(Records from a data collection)
------------------------------
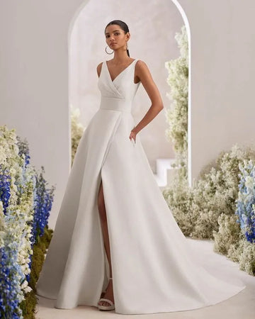 V-neckline, V-back and Straps Wedding Dress Vestido De Novia Bridal Gown Princess Satin Court Train Bow Sleeveless Mermaid
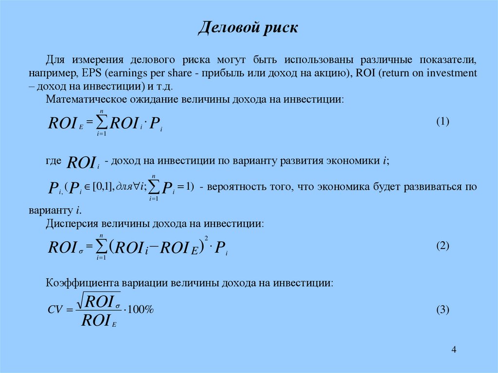 – доход на инвестиции) и т.д.
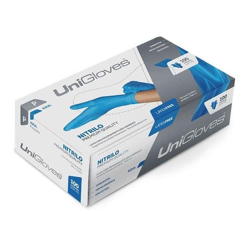 luva de nitrila azul unigloves para procedimento não-cirúrgico sem pó uma caixinha possui 100 luvas marca: unigloves cor: azul detalhes e características: fácil calçamento ambidestra barreira biológica ponta dos dedos texturizada alto conforto e ajuste adequado às mãos punho alongado, garantindo conforto e segurança proteção e elasticidade fabricadas em borracha sintética, são indicadas para pessoas sensíveis ao látex. sua composição fornece maior sensibilidade tátil, ajuste às mãos, conforto e elasticidade. são resistentes a perfurações e possuem barreira biológica. luva unigloves nitrilo sem pó premium quality azul: fabricadas em borracha sintética, as luvas de nitrilo são indicadas para pessoas sensíveis ao látex e apresentam uma composição que proporciona maior sensibilidade tátil, ajuste às mãos, conforto e elasticidade. quando submetidas a de alongamento ocasionado por uma tensão constante, as moléculas se acomodam e entram em equilíbrio com as forças de tensão externas, moldando-se às mãos do usuário. assim, além de evitar alergias em mãos sensíveis à proteína do látex, as luvas de nitrilo também reduzem o desconforto e a fadiga muscular. características tipo: sem pó, não estéril; cor: blue; material: nitrilo 100% sintético ; pontas dos dedos texturizada; fácil calçamento; ambidestra; mais elástica; maior espessura; redução de reações alérgicas; alto conforto e ajuste adequado às mãos; punho alongado, garantindo conforto e segurança. aplicação usadas por profissionais na área da saúde, estética, micropigmentadores, salão de beleza, tatuadores, automotivo montagem, eletrônica, aplicação da lei, ambientes de segurança. informações adicionais caixa com 100 unidades Ean: 7898963620457
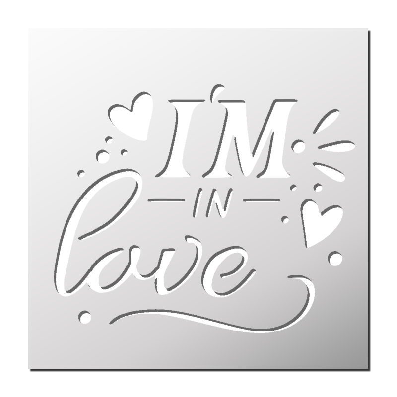 Pochoir I’m in Love plastique réutilisable, autocollant, autocollant repositionnable ou papier. Pochoir utilisable sur tous supports (mur, tissu, toile, bois, métal, verre… ²).
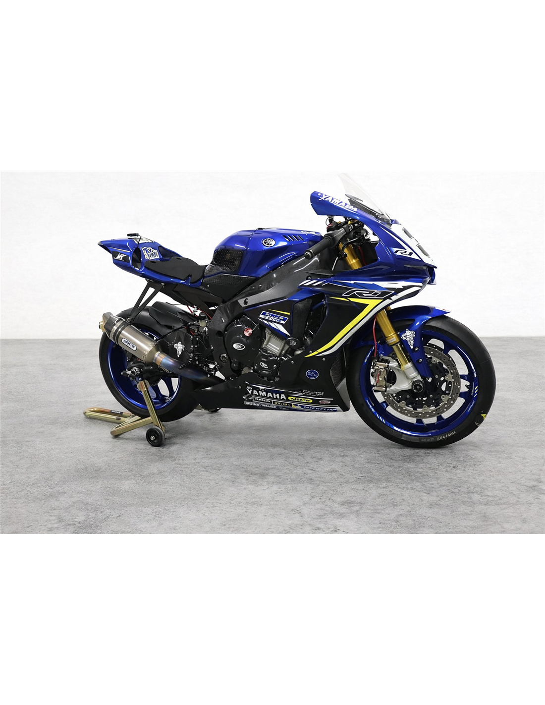 Elite: utilizamos pinturas de alta calidad con tonalidades similares a las originales. Las pegatinas se imprimen con impresoras de 8 colores que les dan un brillo y matices impecables. Todo el gráfico se encuentra bajo tres capas de transparente para mantener los colores del carenado brillantes con el tiempo. También pintamos todo el kit de carenado por dentro.
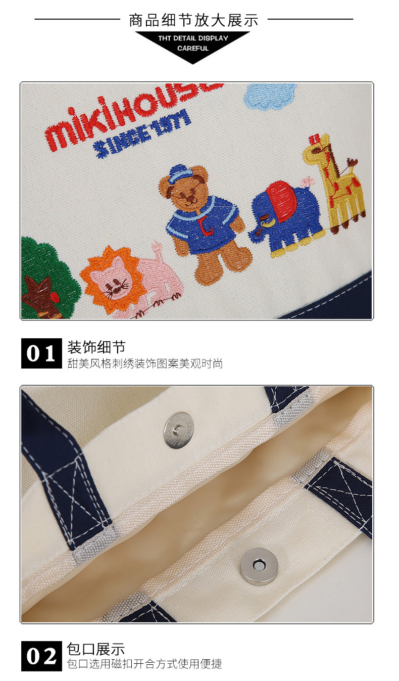 Мики холщовый магазин с ручной подаркой сумка сумка женская сумка сумка мумия сумка мультфильм вышитая сумка для матери и ребенка сумка для отдыха
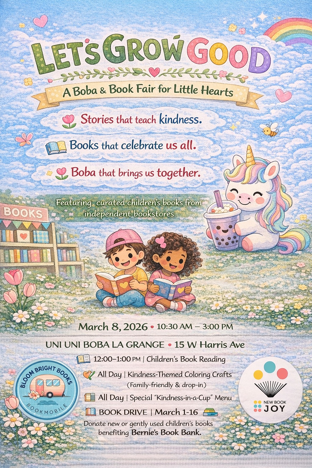 Spring is here and we aim to grow good. Join us for a kindness focused event to celebrate compassion, goodness and caring through stories and shared sweet boba sips. Our event will feature books and book readings from local independent bookstores - New Book Joy and Bloom bright books. Proceeds from our special GOOD MENU […]
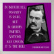Lila med bild av den tyske filosofen Friedrich Nietzsche.Till den lämnat citerar han om oförnuft. "I individer är osanitet sällsynt, men i grupper, party, nationer och epoker är det regel"
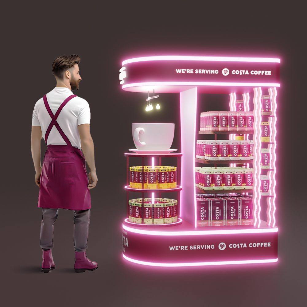 A representative zone of Costa Coffee with a rotating large coffee cup.
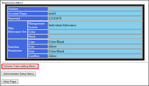 - Si le système d'authentification de compte département de la machine est réglé sur [Account & Password], enregistrez systématiquement un compte. En cas de duplication d'un nom de compte existant, un message d'erreur s'affiche pour indiquer l'indisponibilité du nom.
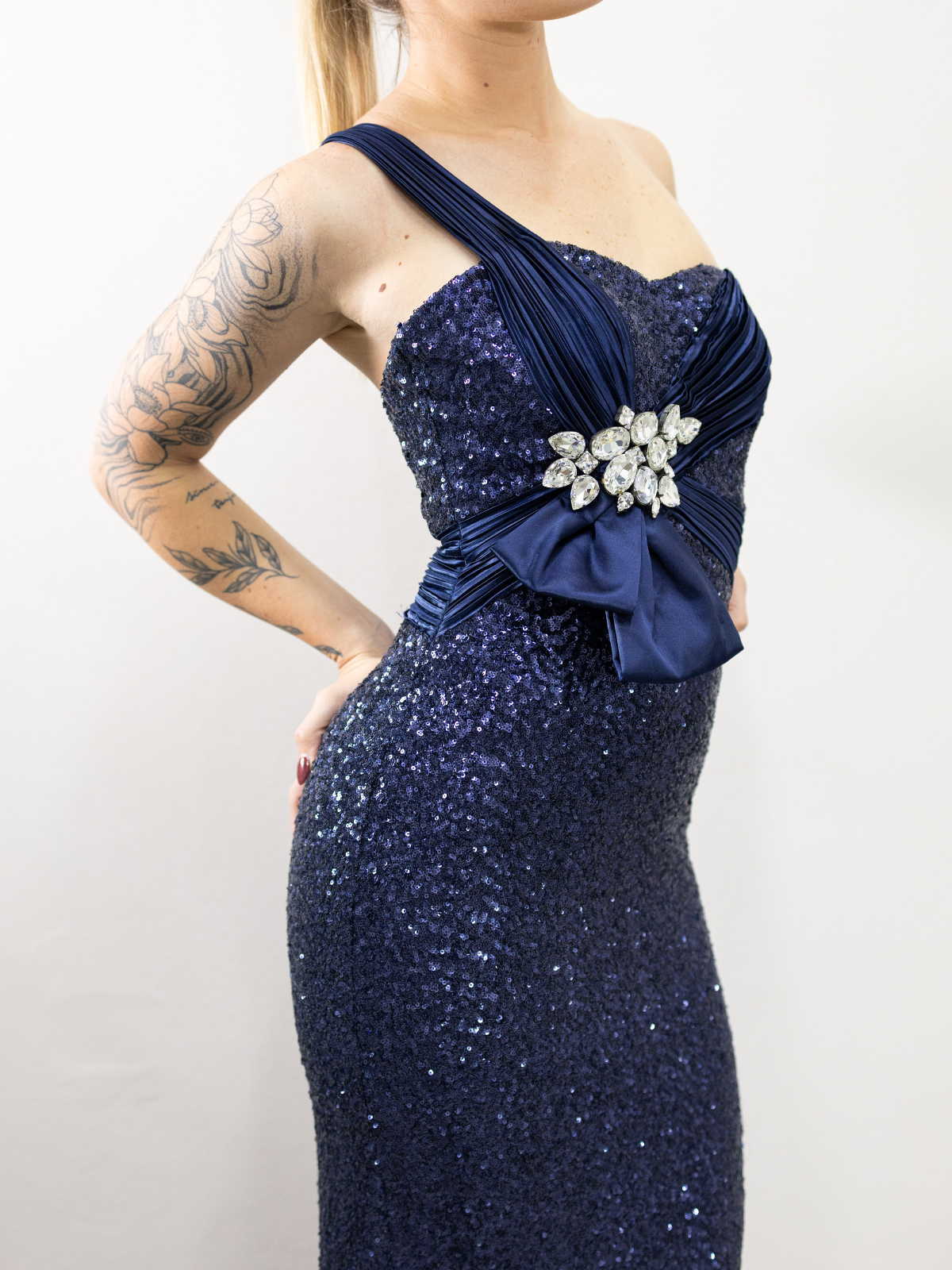 Vestido azul de lentejuelas strappless, con pedrería precioso y en perfecto estado.
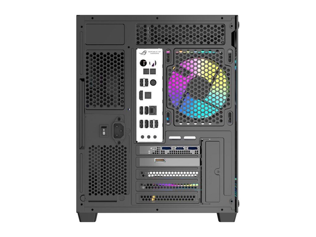 Na horním panelu skříně najdete port USB-A 3.0, dva porty USB-A 2.0 a konektor HD audio. Celek doplňují tlačítka napájení a reset. To vše poskytuje pohodlný přístup k nejdůležitějším funkcím počítače – můžete volně připojovat periferní zařízení, přenášet soubory, používat sluchátka, nabíjet zařízení a mnoho dalšího.
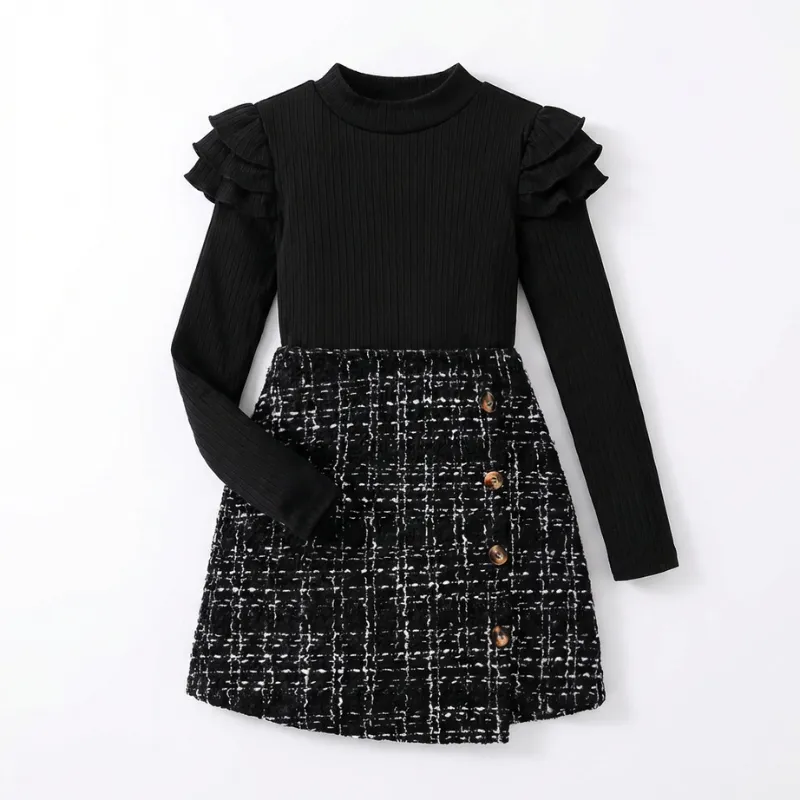 Fusta în carouri are un aspect clasic pe care îl ador, iar culoarea rezistă la spălat. Copilul meu se mișcă liber în acest set confortabil.
------------------------------
→ **EXERCISE OBJECTIVE**:
Would you repeat exactly, and only, the lines from the start of the records above through the line containing "инвестиции) и т.д.", with the pictures omitted?

→ **RESPONSE FOR THIS EXERCISE**:
 V-neckline, V-back and Straps Wedding Dress Vestido De Novia Bridal Gown Princess Satin Court Train Bow Sleeveless Mermaid
 – доход на инвестиции) и т.д.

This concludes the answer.